What is a Jumbo Loan and How Does It Work?

September 12, 2022 min read

So you’ve found the home you really want , and it’s perfect. The only problem is it has a pretty large price tag, and while reasonably within your budget, you can’t find a standard loan large enough to cover it. Does that mean you need to give up on your perfect house? Nope! The good news is you have other options if a standard, conforming loan isn’t going to work for your house. One option you have is to apply for a jumbo loan. But what are jumbo loans and how can you get one? We’ll break down jumbo loans and walk you through all the details to help you decide if this loan is the right fit for you.

What Is a Jumbo Loan?

A jumbo loan is a loan that exceeds the limits set by the Federal Housing Finance Agency (FHFA) to help you finance a home in a higher price range. Traditional mortgages have a limit of $726,200 in most counties and $1,089,300 in pricy areas like Washington D.C. Most mortgages have this limit because conventional loans are guaranteed by Fannie Mae and Freddie Mac, which can provide some protection from losses if the borrower defaults. A jumbo loan isn’t guaranteed by Fannie Mae or Freddie Mac because it exceeds the standard limits that those government-sponsored enterprises have established. A jumbo loan is a special financing option that was initially designed to help people buy mansions, vacation properties, and other expensive real estate. In today’s hot housing market, more and more homebuyers are in need of a loan for an amount that goes above the standard loan limit, making it an increasingly common option.

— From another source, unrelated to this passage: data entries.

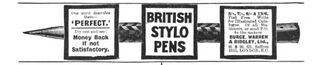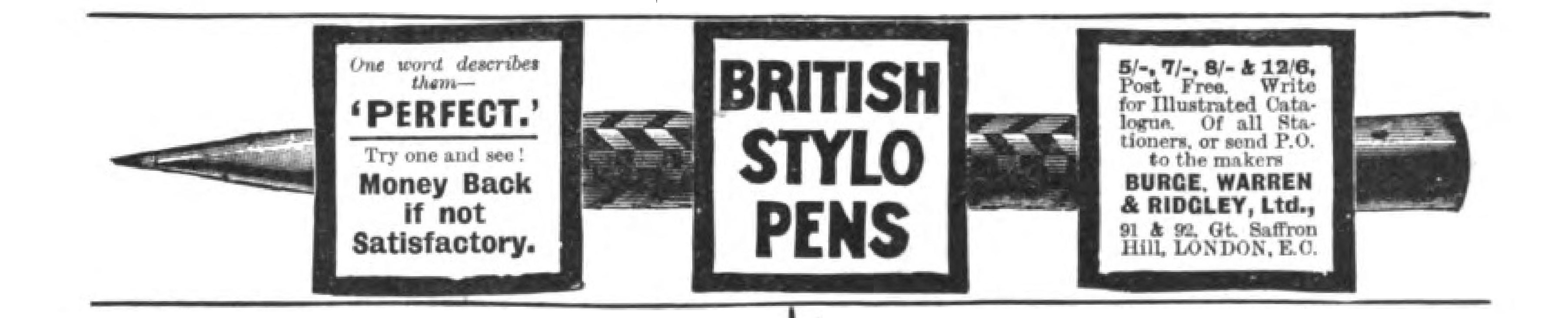 Scanning of advertising from Neptune dated 1902. Published on: The Strand Magazine - An Illustrated Monthly, vol. XXIV (Jul-Dec), pag. lxix. Refers to the company as: "Burge, Warren & Ridgley". Mention as address: "91 & 92, Great Saffron Hill, London, E.C.". Dating established by finding the page in an archived version of the magazine. Second half of the year. Advertising for stylus pens called British Stylo Pens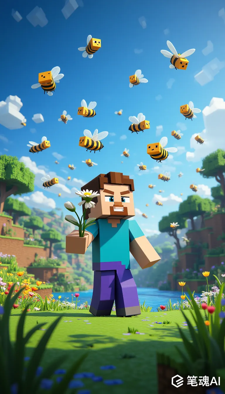 AI绘图作品:我的世界史蒂夫方块蜜蜂花卉草原是创作者星河漫步的编织者在2025年04月07日 21:14通过hanvision 4模型生成的智能推荐风格作品,本图片参数如下:长宽比:9:16,尺寸:768x1344,格式:png;您可以通过笔魂Al绘画一键生成同款图片,也可直接免费下载使用。
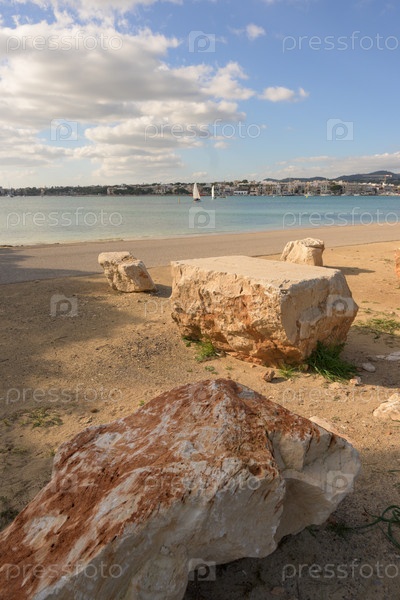 Большие скалы, спокойная вода и город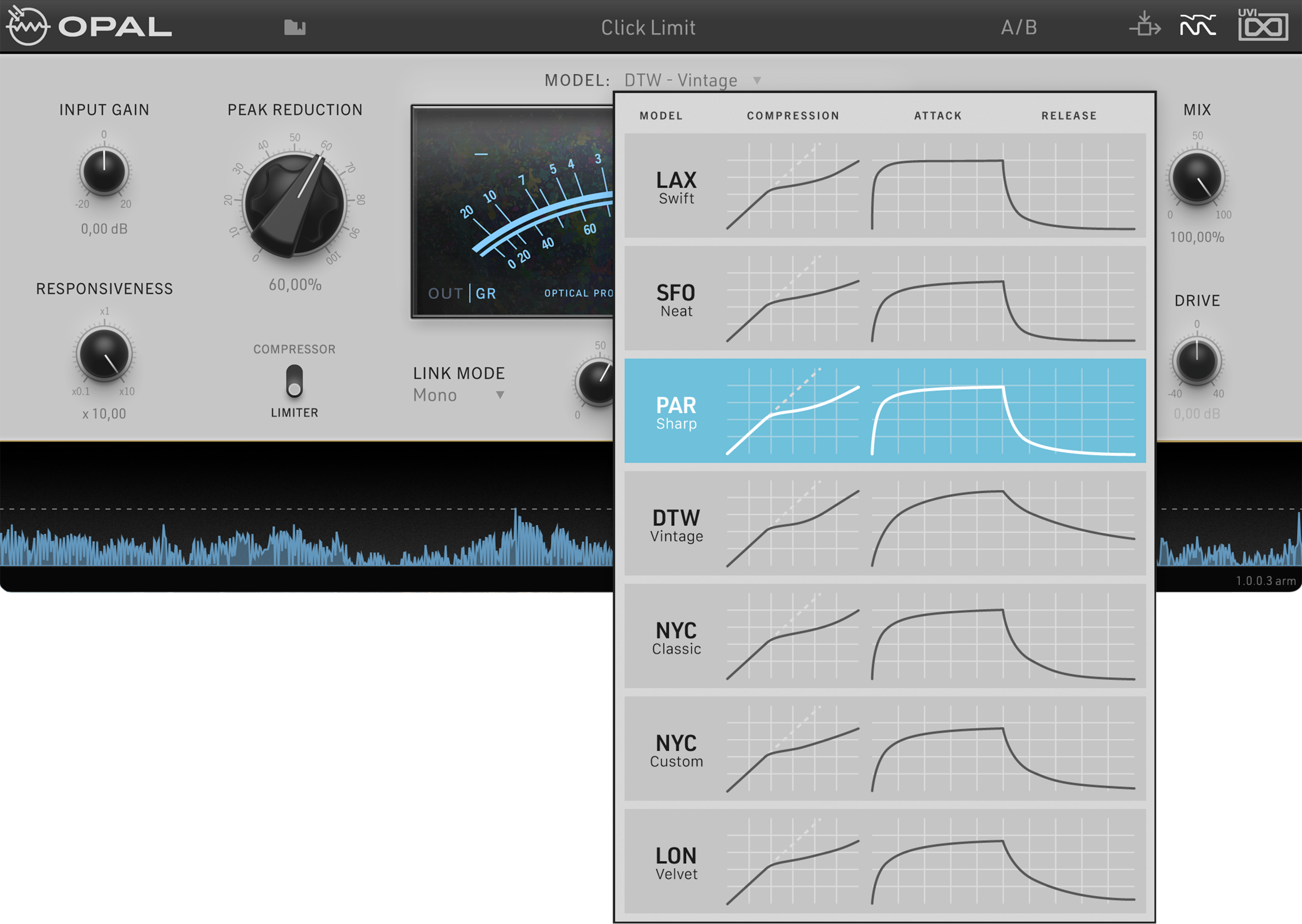 Opal 是一款突破性的 Optical 壓縮器模擬工具,帶您踏上聲音之旅。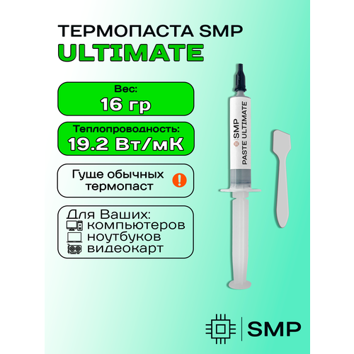 Найти - Термопаста SMP-ULTIMATE 19.2 Вт/мК 16г. для процессора, GPU, CPU, видеокарты, ноутбука, консоли, асика, светодиодов SmartMaster PRO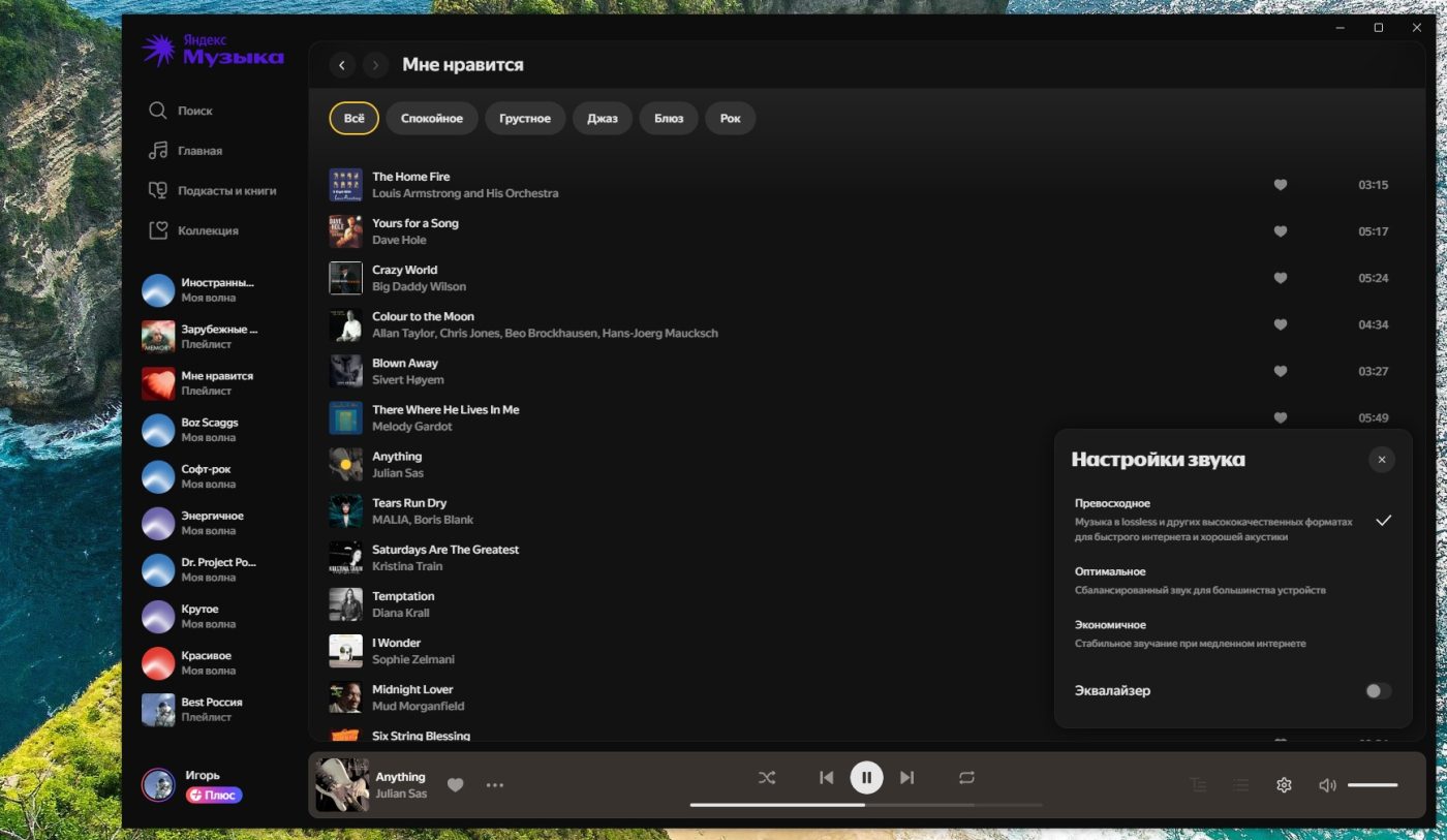 Слушаю Я. Музыка в формате FLAC. Есть и другие, менее качественные с битрейтом 320 и 192 Кб/c , то есть обычный формат MP3. Давно им не пользуюсь, не нравится мне эта "сухо мять", если обобщенно. А вот для формата Lossless нужен Интернет с хорошей скоростью, не менее 100-250 мб/с, но чем выше, тем лучше. У меня тариф "игровой" - 350 мб/с, честно даже грех жаловаться. А использую программное приложение от Я. Музыка...
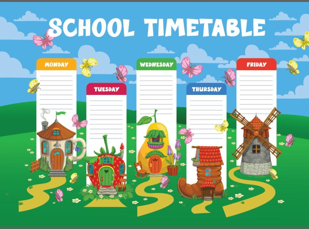 Thời khóa biểu cho các bé có keo dán lên tường hoặc bàn, dán vào cặ để lên lịch học.

How to Qualify for a Jumbo Loan

Because a jumbo loan isn’t guaranteed, it involves more risk to the lender, which is why there are stricter qualifications one must meet in order to get a jumbo loan. These are some of the requirements to qualify for a jumbo loan:

High Credit Score

Your credit score is an important factor in any loan and mortgage application, but you’ll need a higher credit score to qualify for a jumbo loan compared to a standard, conforming loan. In general, the minimum credit score is a FICO score of 680, but most people who qualify generally have a credit score over 700, sometimes 720. The exact credit score required will ultimately depend on the lender, but you should plan on needing to have a minimum score of around 700 to qualify.

Cash Reserves

For most mortgages, it’s always important to show that you have cash to cover several mortgage payments. For a jumbo loan, you’ll need to show that you have enough cash reserves to make several mortgage payments — often an entire year’s worth. These funds will give lenders confidence that you will be able to make payments for at least a year and help you qualify for the jumbo loan.

Debt-to-Income Ratio

Your debt-to-income ratio will tell lenders how much of your monthly income goes to debt. A low ratio is a good way to qualify for a jumbo loan because it means more of your monthly income is free to pay mortgage payments. Most jumbo loan lenders have a maximum of 45% DTI ratio.

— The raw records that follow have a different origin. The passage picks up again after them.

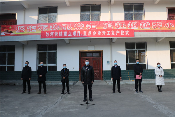 开工仪式上,,,沙河营镇党委副书记、、镇长肖利安紧紧围绕各开工复工的重点项目和重点企业在新型冠状病毒肺炎疫情期间防控防护和应对措施做了阐述,,要求各企业在保证员工健康安全的前提下,,,,加大生产力度,,,追赶一季度生产目标。。。。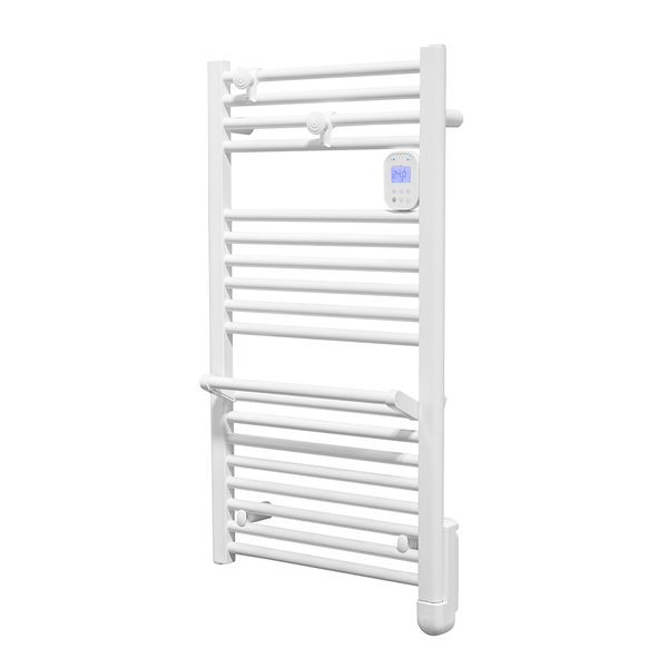 Handtuchtrockner mit Wasser-Glycol-Gemisch zur besseren Wärmeverteilung. Handtuchhalter zum heraus klappen, sowie zwei versetzbaren Hacken. Mit integrierter Regelung, wählbares Wochenprogramm und Boost-Funktion für eine effiziente und bedarfsgerechte Einstellung der Heiz- und Absenkzeiten. Energieeinsparfunktion durch permanente Kontrolle der Raumtemperatur (Erkennung offenes Fenster) und entsprechende Anpassung der Heizfunktion (EIN/Frostschutz). Anschlussleitung mit Festanschluss von unten rechts, ca. 1,5m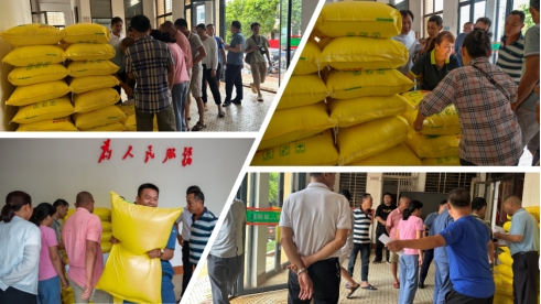 图为海南省科技特派员骆焱平为种植户分发肥料现场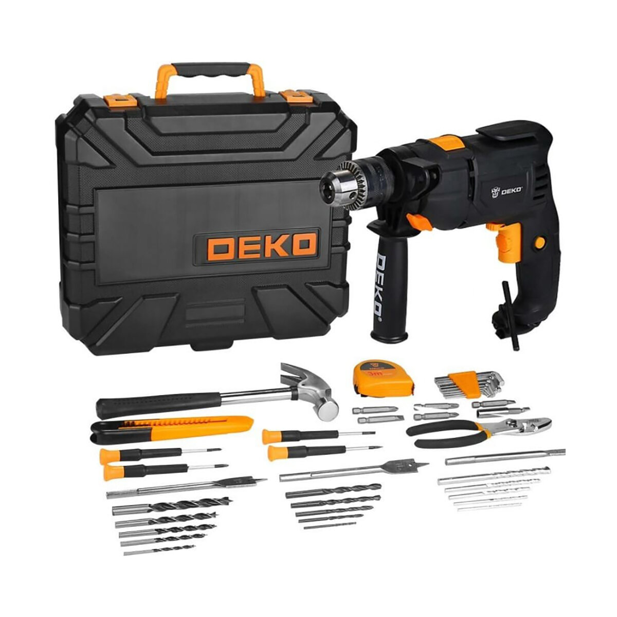Дрель ударная сетевая Deko DKID600W в пластиковом кейсе набор инструментов 40 предметов черно-желтый

To show your qualifications for a jumbo loan, you will most likely need to show more documentation than for a typical mortgage loan. You may be asked to show up to two years’ worth of tax returns, W-2s, and more. Some lenders also require a second home appraisal, so you may need that as well to qualify.

Who Should Take Out a Jumbo Loan?

Jumbo loans are designed to help people take out a mortgage on a large or expensive property. If you don’t need to exceed the regular home loan limits, you shouldn’t consider a jumbo loan. But there are many people who should consider a jumbo loan:

  • If you’re buying a home in a pricey neighborhood
  • If you’re buying a vacation home
  • If you’re buying vacation properties

In general, these loans are designed for high-income earners who haven’t yet accumulated millions in assets. Most of these individuals make around $250,000 and $500,000 annually but are usually new to large funds. These loans allow them to expand their assets and portfolio within their means. Ultimately, if a conforming loan is too little for what you’re trying to buy, then you are someone who should look into getting a jumbo loan.

Jumbo Loans vs. Conforming Loans

A jumbo loan is considered a non-conforming loan. Most mortgages are financed with conforming loans, which differ from jumbo loans in a few key ways:

  • Down payments. Jumbo loans generally require a minimum 20% down payment, compared to the lower percentages allowed with conforming loans. That being said, going with a conventional loan for a home with a higher price tag can cause the need for a down payment well above 20% to pay for the portion of the sale price that cannot be financed. Therefore, as a result of its larger financing capabilities, a Jumbo loan can ultimately serve to reduce the cash amount required for someone buying a high-priced home.
  • Interest rates. As a result of the higher risk for lenders, Jumbo loans often have a slightly higher interest rate than conforming loans.
  • Closing costs and fees. Jumbo loans can have higher closing costs and fees than a conforming loan.

Overall, jumbo loans are larger loans with higher limits for people who are looking to buy expensive homes or vacation properties. They may have stricter qualifications, but they can be extremely beneficial in the right situation for the right house. At the end of the day, jumbo loans are a great way to finance the home you want.